In humans, type I FcγRs are classified based on the signalling motifs of their intracellular domains. Activating FcγRs include FcγRI, FcγRIIa, FcγRIIc and FcγRIIIa, which contain immunoreceptor tyrosine activating motifs (ITAM)s. FcγRs are differentially expressed on the surface of lymphoid and myeloid cells and modulated by proinflammatory cytokines, for example, FcγRIIA is expressed on the surface of neutrophils, macrophages and monocytes but FcγRIIC is not. IgG Immune complexes are known to activate type I FcγRIIA/C receptors after binding, leading to a rise in calcium levels and an activation of downstream signalling cascades including ERK, p38 and JNK. These signalling cascades ultimately lead to phagocytosis, cytokine secretion, apoptosis or other numerous active immune responses including upregulating of B cell production. Monomeric IgG is present at high levels in the serum, therefore FcγRIIA/C has low affinity for IgG to prevent monomeric IgG binding and non-specific activation. Mutations/polymorphisms of FcγRIIA/C are associated with autoimmune conditions and increased susceptibility for Kawasaki’s disease or an IVIg anaphylactic reaction. It is also linked to a decreased vaccine efficacy for HIV.

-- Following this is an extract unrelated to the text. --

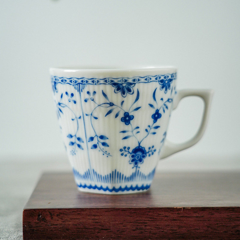 MinoYaki 花凛平边唐采咖啡杯日本进口北欧风轻奢陶瓷马克杯送礼

Antibody treatments are a key area of research for cancers as a checkpoint therapy. Inhibition of activatory FcγR like FcγRIIA/C could also block development of inflammatory diseases. In mice models, small ligand analogues for FcγRIIA inhibit macrophage TNF secretion plus platelet activation while also halt the development and progression of collagen-induced arthritis (CIA). Understanding the FcγRIIA/C roles with greater clarity will enhance the progress of anti-inflammatory agents to aid autoimmune conditions. This antibody could be a useful research tool for the development of novel immunotherapeutic approaches.